Kenneth James Brown (born 11 July 1967) is an English former professional footballer and current football manager. As a player, he played for Norwich City, Plymouth Argyle, West Ham United, Huddersfield Town, Reading, Southend United, Crystal Palace, Reading, Birmingham City, Millwall, Gillingham, Kingstonian, Portadown, Barry Town, Tilbury and FC Torrevieja. He has also managed Barry Town, CD Jávea, and Tooting & Mitcham United and been assistant manager with Grays Athletic and Chelmsford City.

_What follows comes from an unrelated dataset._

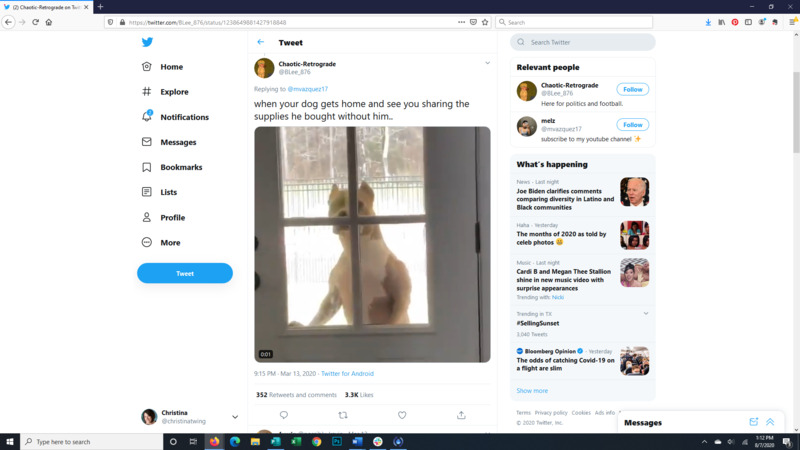 Then there was a follow up video of a large dog staring into the glass door captioned: when your dog gets home and see you sharing the supplies he bought without him.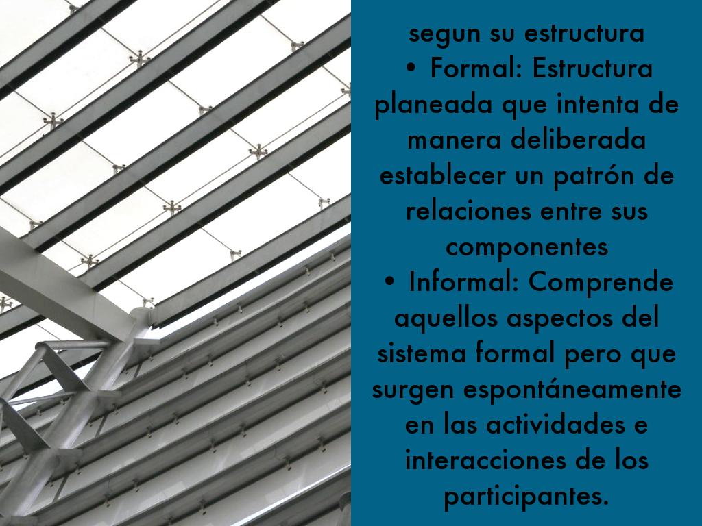 • Formal: Estructura planeada que intenta de manera deliberada establecer un patrón de relaciones entre sus componentes

Following the departure of Dean Holdsworth as manager of Chelmsford in November 2013, Brown became their caretaker manager.

His father, also called Ken, was also a professional footballer and managed Norwich City and Plymouth Argyle.

Career
Brown, a defender, began his career with Norwich City under the management of his father before playing for Plymouth Argyle, West Ham United, Huddersfield Town (loan), Reading (loan), Southend United (loan), Crystal Palace (loan), Birmingham City, Millwall, Gillingham, Kingstonian, Tilbury and Barry Town. He spent some time in Spain with FC Torrevieja before retiring from playing football. He famously scored the winning goal for West Ham United in a league match against Manchester United on 22 April 1992, handing Leeds United the impetus in that season's title race.

He was manager of CD Jávea, a Spanish regional league side who played in the Valenciana Regional Preferente Group IV from 2006 to 2009. Grays Athletic announced an offer had been put to Brown to become assistant manager to Julian Dicks on 18 September 2009. Jávea denied Brown had agreed terms two days later, before confirming his departure later that day. In the 2012–13 season he was lead development coach and first team coach at Barnet, departing at the end of the season.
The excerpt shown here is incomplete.